Best hyperparameters for Decision Tree (Normalized): {'max_depth': 6, 'min_samples_leaf': 3, 'min_samples_split': 13}
Decision Tree (Normalized) Mean Squared Error: 221.98539462081126
Decision Tree (Normalized) Mean Absolute Error: 12.1765873015873
Decision Tree (Normalized) R-squared: -1.1841936418513561


### **Random Forest Model**

In [None]:
# Random Forest
param_grid_random_forest = {'n_estimators': range(1, 400, 50),
                             'max_depth': range(1, 30,5),
                             'min_samples_split': range(2, 20, 4),
                             'min_samples_leaf': [1, 2, 4]}

grid_search_random_forest_normalized = GridSearchCV(RandomForestRegressor(random_state=42),
                                                     param_grid_random_forest,
                                                     cv=5,
                                                     scoring='neg_mean_squared_error',
                                                     n_jobs=-1)
grid_search_random_forest_normalized.fit(X_train_normalized, y_train)

# Best hyperparameters for Random Forest
best_params_random_forest_normalized = grid_search_random_forest_normalized.best_params_
print("Best hyperparameters for Random Forest (Normalized):", best_params_random_forest_normalized)

# Evaluate Random Forest on the normalized test set with the best hyperparameters
best_random_forest_model_normalized = RandomForestRegressor(**best_params_random_forest_normalized, random_state=42)
best_random_forest_model_normalized.fit(X_train_normalized, y_train)
y_pred_random_forest_normalized = best_random_forest_model_normalized.predict(X_test_normalized)

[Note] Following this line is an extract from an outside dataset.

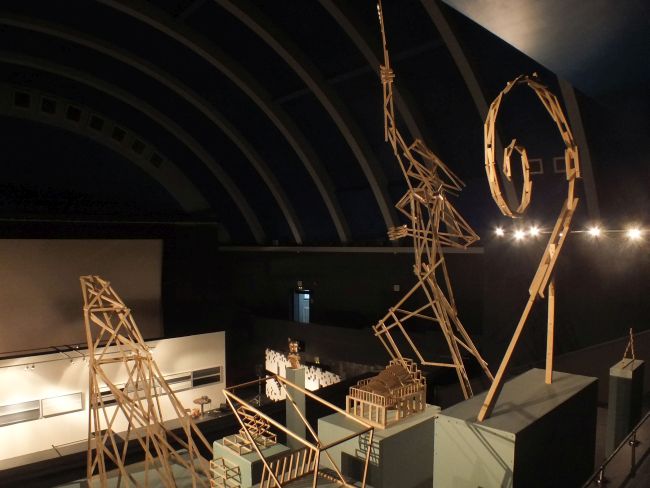 Под куполом советского кинотеатра «Ударник» жирафами выгибаются жёлтые конструкции из дерева. Подойдёшь поближе – поймёшь, что это объекты из проекта «Утопический скелет» краснодарцев – группы ЗИП. Сколоченные из деревянных реек дома-коммуны, монументальные скульптуры, венчавшие наши павильоны и площади, какие-то посохи, напоминающие абстрактный минимализм… Всё это выветрено, бесплотно, обнажено. Можно считать эти скульптуры обнажением нового энергетического каркаса. А можно вспомнить великого архитектора-концептуалиста Юрия Аввакумова и увидеть очевидные параллели к его каркасной презентации конструктивистских монументов, которые неоднократно экспонировались и были для меня, например, символом экзистенциальной драмы и утопизма мышления о будущем исключительно в модальности прошедшей. Палеонтолог-реконструктор – вот, кто приходит на ум!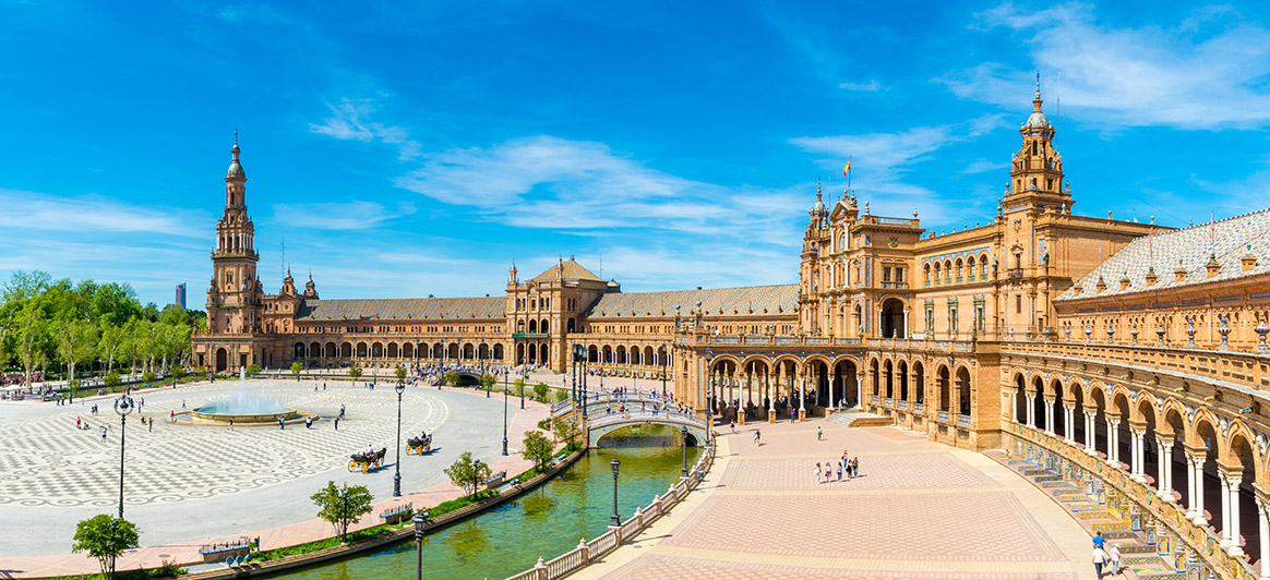 Place d’Espagne (Plaza de España) : Conçue par le grand architecte sévillan Aníbal González pour l'Exposition ibéro-américaine de 1929, la place la plus célèbre de la ville est un imposant chef-d'œuvre semi-circulaire de l’architecture néo-baroque. Le complexe architectural monumental se compose du pavillon national de l'Espagne, entouré d’un lac-canal qu’enjambent trois ponts, une série de 52 bancs en céramique peinte représentant les provinces d'Espagne. Offrez-vous une promenade romantique en bateau sur le canal mais également sous la galerie à portique ornée d'un admirable plafond artesonado. La place a servi de décor à plusieurs films, dont « Lawrence d'Arabie » et « Star Wars ».

# Evaluate Random Forest (Normalized)
mse_random_forest_normalized = mean_squared_error(y_test, y_pred_random_forest_normalized)
mae_random_forest_normalized = mean_absolute_error(y_test, y_pred_random_forest_normalized)
r2_random_forest_normalized = r2_score(y_test, y_pred_random_forest_normalized)

print(f'Random Forest (Normalized) Mean Squared Error: {mse_random_forest_normalized}')
print(f'Random Forest (Normalized) Mean Absolute Error: {mae_random_forest_normalized}')
print(f'Random Forest (Normalized) R-squared: {r2_random_forest_normalized}')


Random Forest (Normalized) Mean Squared Error: 127.97192299694215
Random Forest (Normalized) Mean Absolute Error: 9.556662400933972
Random Forest (Normalized) R-squared: -0.2591614913353748


# Report

## Regression Model Performance Summary

### Linear Regression

**Without Data Normalization:**
- Mean Squared Error: 247.53
- Mean Absolute Error: 10.81
- R-squared: -1.44

**With Data Normalization:**
- Mean Squared Error: 113.82
- Mean Absolute Error: 7.99
- R-squared: -0.12

### Support Vector Regression (SVR)

**Best Hyperparameters:** {'C': 1, 'gamma': 'scale', 'kernel': 'linear'}

**Without Data Normalization:**
- Mean Squared Error: 193.92
- Mean Absolute Error: 9.24
- R-squared: -0.91

**With Data Normalization:**
- Mean Squared Error: 145.71
- Mean Absolute Error: 8.85
- R-squared: -0.43

### Decision Tree

**Best Hyperparameters:** {'max_depth': 6, 'min_samples_leaf': 3, 'min_samples_split': 13}

**Without Data Normalization:**
- Mean Squared Error: 221.99
- Mean Absolute Error: 12.18
- R-squared: -1.18

**With Data Normalization:**
- Mean Squared Error: 221.99
- Mean Absolute Error: 12.18
- R-squared: -1.18

### Random Forest

**Best Hyperparameters:** {'max_depth': 11, 'min_samples_leaf': 2, 'min_samples_split': 7, 'n_estimators': 101}

**Without Data Normalization:**
- Mean Squared Error: 124.49
- Mean Absolute Error: 9.34
- R-squared: -0.22

**With Data Normalization:**
- Mean Squared Error: 127.97
- Mean Absolute Error: 9.56
- R-squared: -0.26

---

**Observations:**
- The Linear Regression model with data normalization stands out as the best performer.
- Linear Regression and SVR show improved performance with data normalization, as indicated by lower mean squared errors and absolute errors.
- Decision Tree performance remains consistent with or without normalization, suggesting less sensitivity to feature scaling.
- Random Forest exhibits a slight increase in mean squared error with normalization, but the impact is relatively small.

**Note:**
- Data normalization has varying effects on different regression models. Consideration should be given to the specific characteristics of each model and the dataset when deciding whether to normalize features.